Your anti-MySQL rant is getting really out-of-date though. MySQL has had transactions and foreign keys in a GA release since March 2003, with the same MVCC locking model that Postgres and Oracle use. They've had a strict mode that prevents the accidental data truncation issues in GA since October 2005. I wouldn't advise anyone to use versions of Perl or PHP older than 4 years, and I wouldn't advise anyone to use a version of MySQL earlier than 5 at this point.

Re:avoid COBOL too

Ovid on 2007-04-12T17:05:43

The strict mode is barely a year old and MySQL, with their perpetuation of their "who needs valid data?" ideas has decided to make this optional. Why data integrity should be optional, I don't know, but this continual misunderstanding on their part (remember when they published that laughable anti-FK essay?) makes me extremely leery of them and their product. Also, you still can't attach triggers to views (something which hurt us at Kineticode and would have allowed MySQL to simulate something much closer to the relational model).

This isn't to say that PostgreSQL is free from complaints, but anyone who thinks MySQL versions less than 5 are decent simply doesn't know databases.

However, I do take your point about recent versions of MySQL. I rather wish we could upgrade at work, but until our test suite starts approaching much better coverage, this will not happen.

upgrade incentive

perrin on 2007-04-12T17:36:16

MySQL 5 reached beta in March 2005, over two years ago, and a production release in October 2005. The 5.1 production release should be happening pretty soon, and 5.2 is already available in alpha.
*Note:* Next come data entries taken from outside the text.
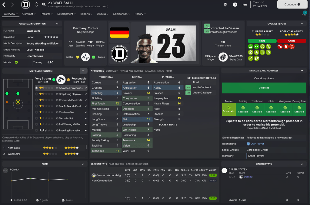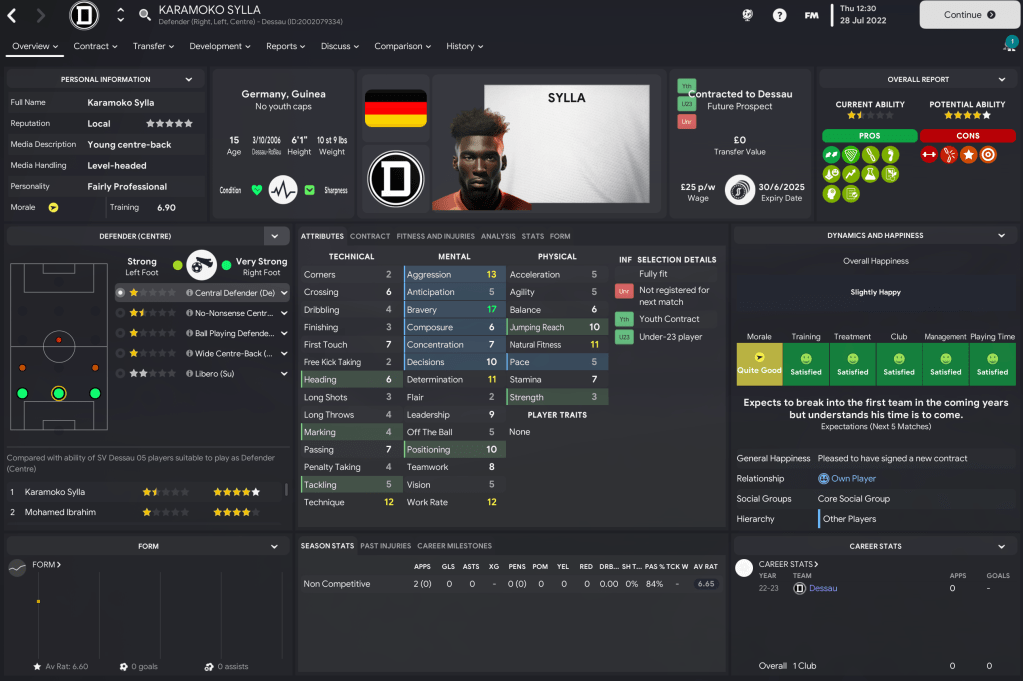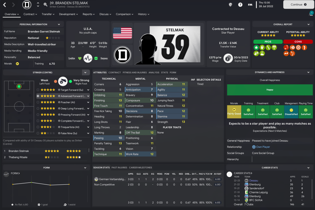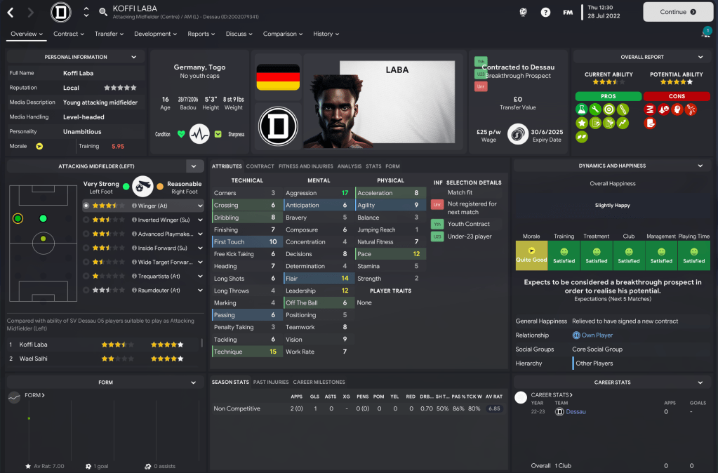 Upon loading up FM23, two playable East German clubs had job vacancies. So Prusseit dusted off his CV and submitted applications to fifth-tier side 1. FC Frankfurt and sixth-tier SV Dessau 05. To his delight, his mobile phone was quickly buzzing away as both sides were keen to come in to attend an interview. First up, on 10 July 2022, was Dessau, who seemed relatively pleased with his responses and shared vision for the club. Later that day, FC Frankfurt got in touch and seemed equally pleased with Prusseit’s interaction.
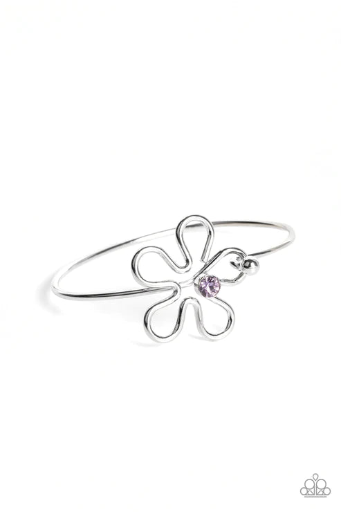 Dotted with a sparkly purple rhinestone center, shiny silver bars curve into a floral frame atop a dainty silver bangle around the wrist. Features a pronged closure.
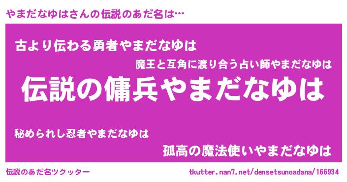 | 女子向けラノベタイトル風あだ名 | 『(仮)やまだなゆはのやんごとなき事情』 |
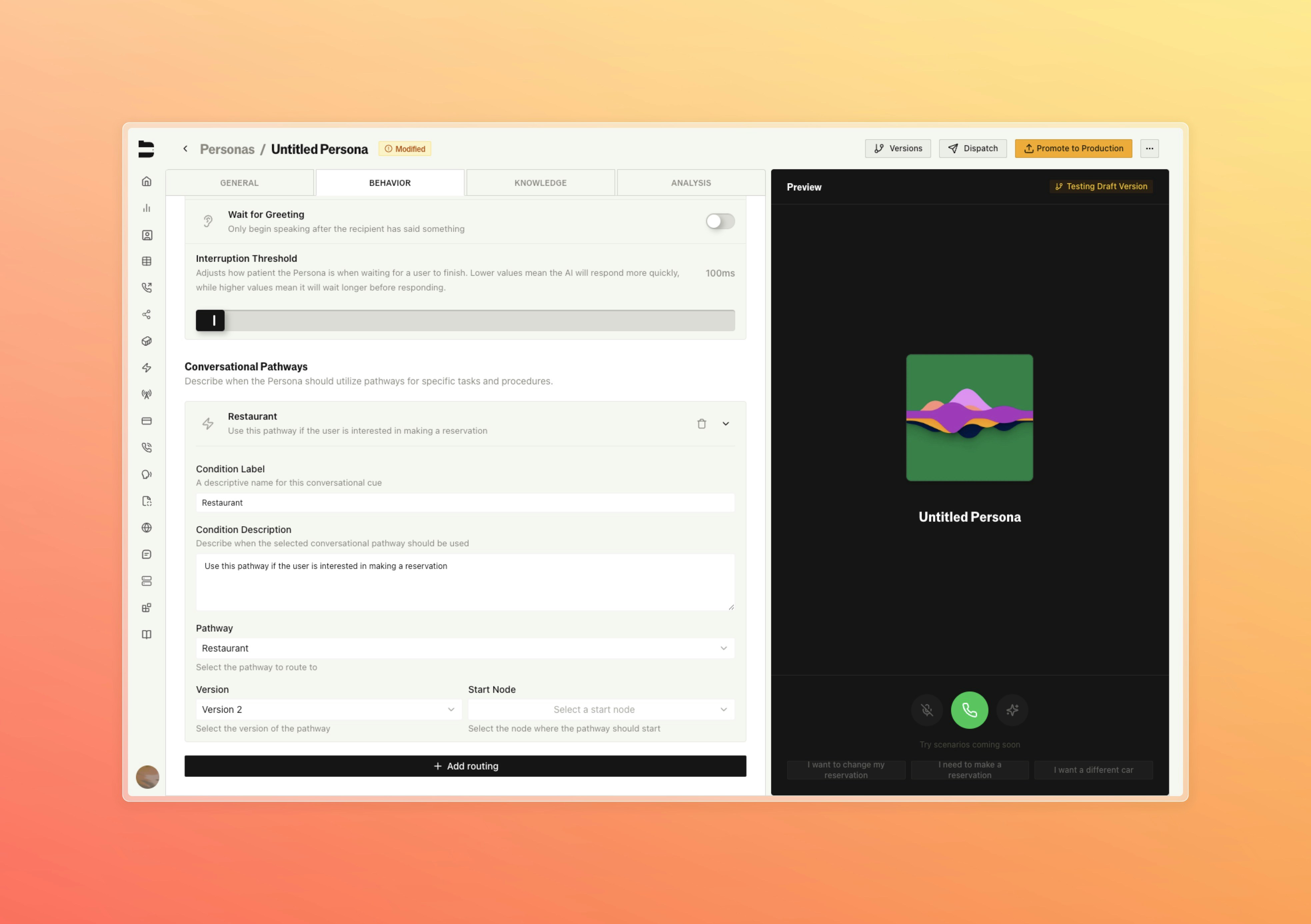 Configure your persona’s conversational behavior and routing logic.- General Behavior

One thing that might help you make a case for some urgency on upgrading to version 5 at work is that the other versions are now so old they have a "end of product life" notice on the MySQL web site.

Re:avoid COBOL too

leandro on 2007-04-28T12:23:29

MySQL has had transactions and foreign keys in a GA release since March 2003, with the same MVCC locking model that Postgres and Oracle use.

Wrong. They do have transactions and FKs, but no MVCC. InnoDB is a sorry attempt at that, ill documented, and writers in it will block readers, sometimes a consistent dump will lock the whole database, and it can’t generally be trusted.

And even in GA, the sorry MyISAM is still the default.

Your MySQL Version Sir?

vek on 2007-04-12T06:36:37

Just out of curiosity, what version of MySQL are you running?

Data normalization

djberg96 on 2007-08-21T01:34:24

A couple of articles that may interest you:

http://www.infoq.com/news/2007/08/denormalization
http://www.infoq.com/news/2007/08/mnesia
http://blogs.msdn.com/pathelland/archive/2007/07/23/normalization-is-for-sissies .aspx

Any thoughts on denormalization, distributed databases, Erlang, etc?